1. LeafReader. Why it starts with "Leaf"? Can I understand that, that such
reader is intended for reading only one leaf of index tree? Does it mean
that it is working inside a context (LeafReaderContext) of several
documents "physically" located in that leaf?

2.  Our LeafReader is positioned in some document, and reader.terms(field)
will return terms list for the single field from the index. Right?

3. LeafReader is the successor of IndexReader, which has getTermVectors(int
docID)
Can I use it in my custom Query (to be aware of all documents fields)
instead of terms(field)

4. I.e. LeafReader contains statistical methods, methods returning the
document values, and the methods returning terms and postings. terms() and
postings() are intended for search.

3. What is Postings/PostingEnum? Why is it named starting with "Posting"?
My native language is Russian and I'm a bit confused trying to find a
corresponding meaning of this word in a search context.

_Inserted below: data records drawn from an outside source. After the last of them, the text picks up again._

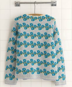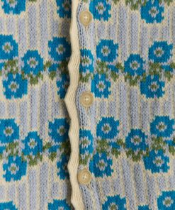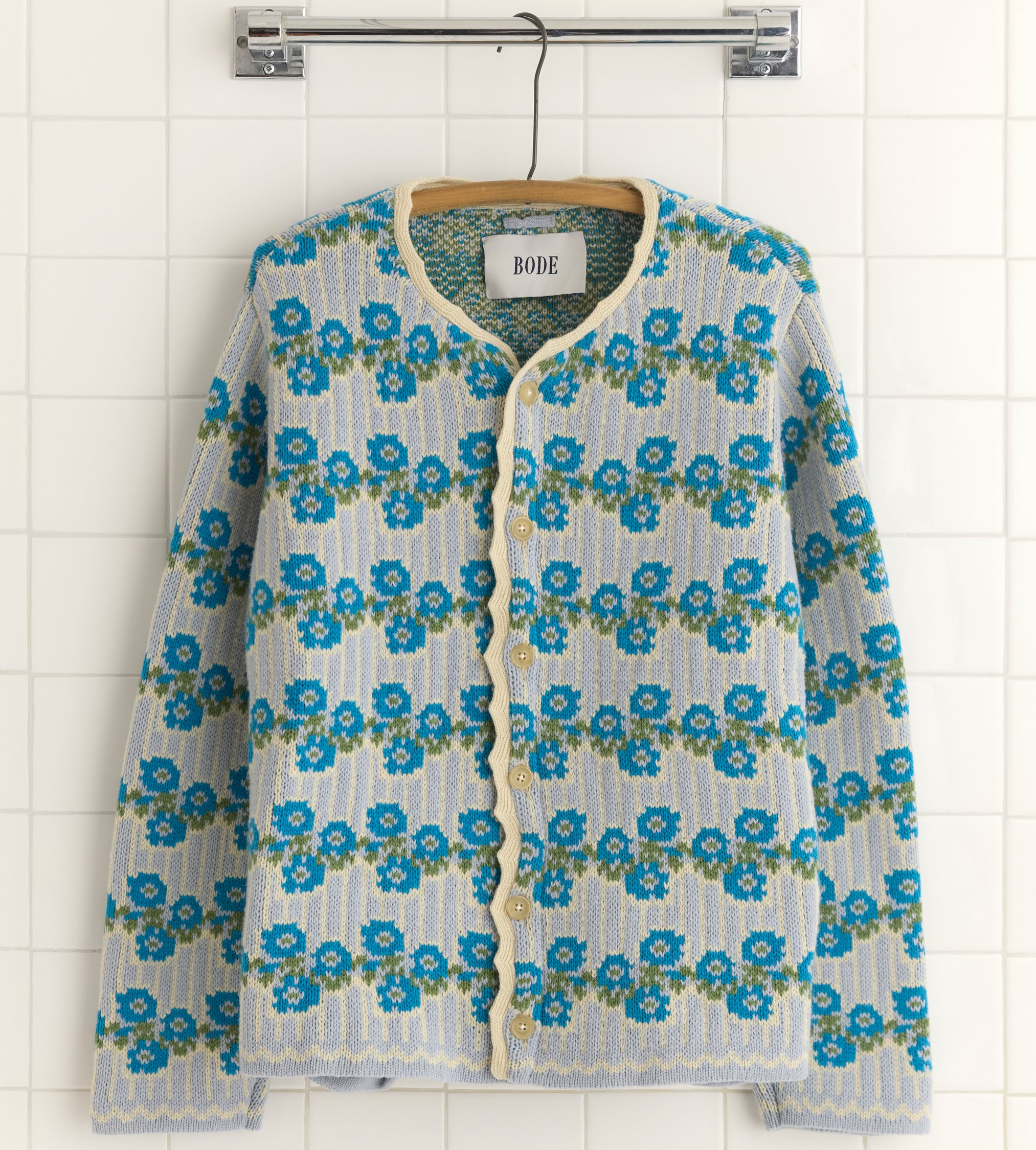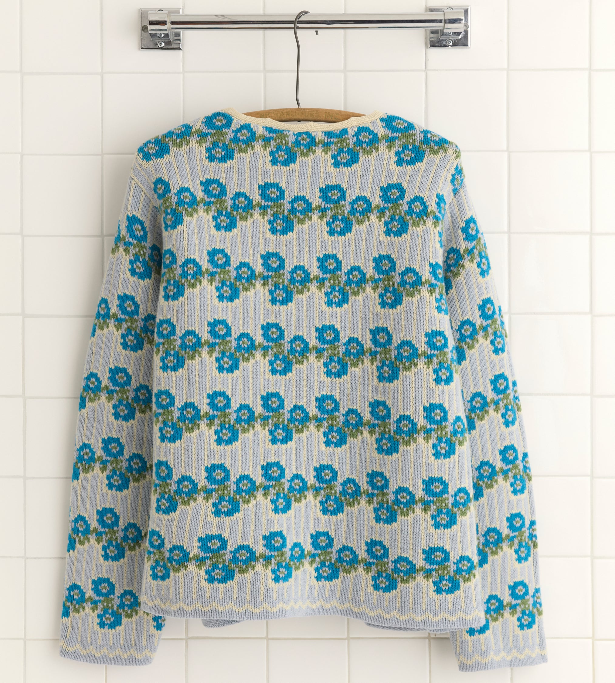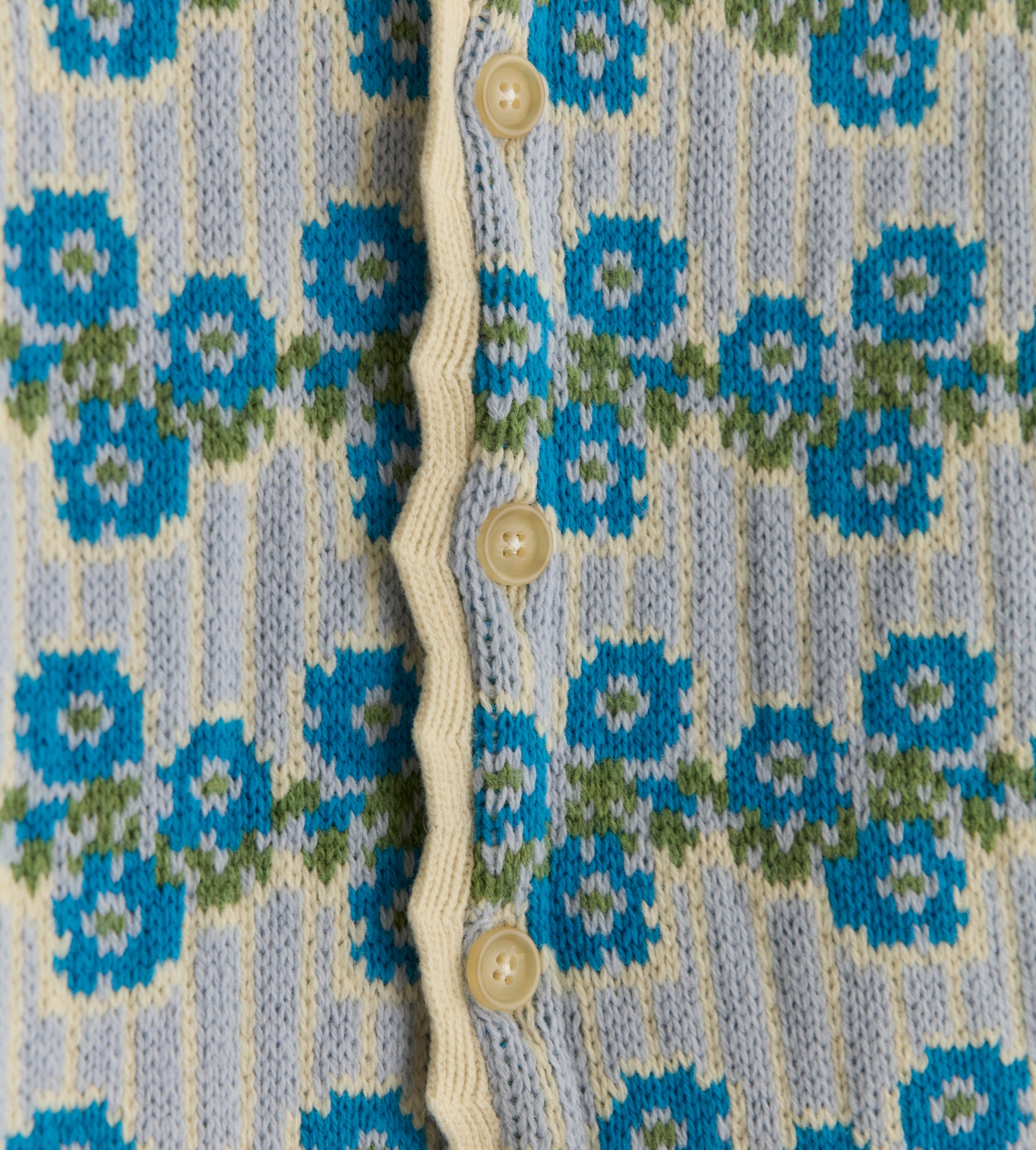 This cardigan is inspired by a sweater from the midcentury. We reproduced the green and blue floral stripes for this jacquard knit, made in a soft merino wool.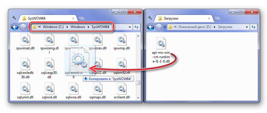 Скачать файл api-ms-win-crt-runtime-l1-1-0.dll также можно вручную со специальных сайтов в сети, которые дают возможность загружать недостающие библиотеки. После скачивания потребуется переместить файл в системную папку в соответствии с разрядностью установленной на компьютере системы. Для 32-х битной Windows адрес будет: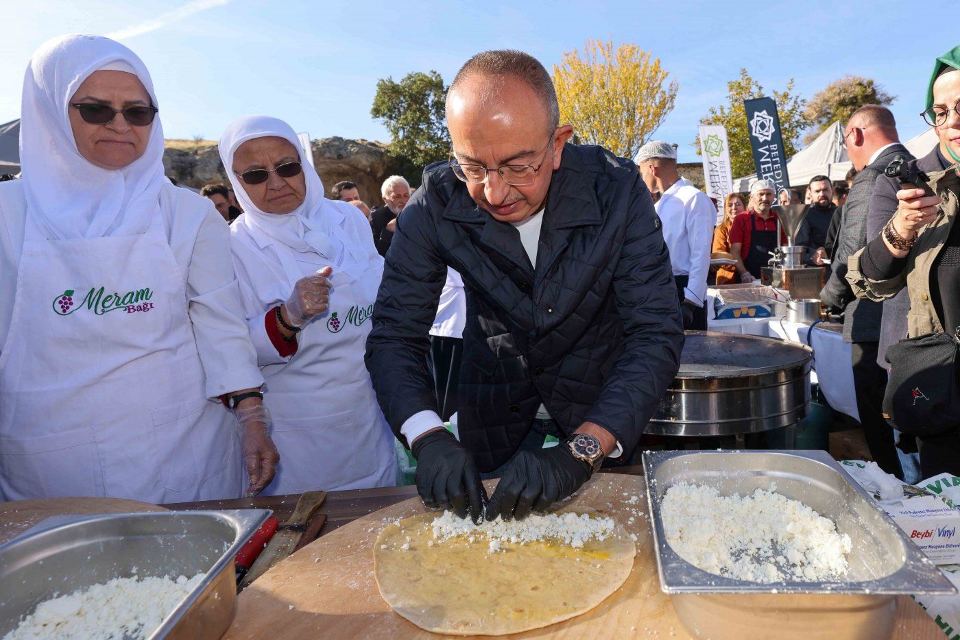 Bu kadim kültürün yüzyıllardır süregeldiğini hatırlatan AK Parti Meram İlçe Başkanı Mehmet Munlafalıoğlu da yaptığı konuşmada şu görüşlere yer verdi; “Etkinlikte o kadar güzel ürünlerle karşılaştım ki lezzet düşkünlerini cezbediyor. Burada bizleri buluşturan bu etkinlik bizlere tarihimizi, geçmişimizi ve esasında kültürümüzün buralardan geldiğini anımsatıyor. Meram Belediyesi ve Başkanı Mustafa Kavuş, kadim Meram kültürünü yaşatmak ve gelecek nesillere aktarmak adına önemli işlere imza atıyor. Sonbahar başında Meram Bağı’nda yapılan ‘Pekmez ve Bulgur Kaynatma Etkinliği’ gibi bu etkinlikle de kültürümüze sahip çıkmaya çalışıyor. Kendisine teşekkür ediyor, üreticilerimize de ürünlerinin bereketli olmasını temenni ediyorum.”

5. Ok, I see PostingEnum implements some basic interface DocIdSetIterator,
but PostingEnum is one of approximately 20 implementations of that
interface. Why is it used in LeafReader? What the principal difference
between these 20 implementations and which of them can be really useful?

Regards,
Vadim Gindin

Re: Terminology. LeafReader -> TermEnum -> PostingsEnum

Posted by Vadim Gindin <vg...@detectum.com>.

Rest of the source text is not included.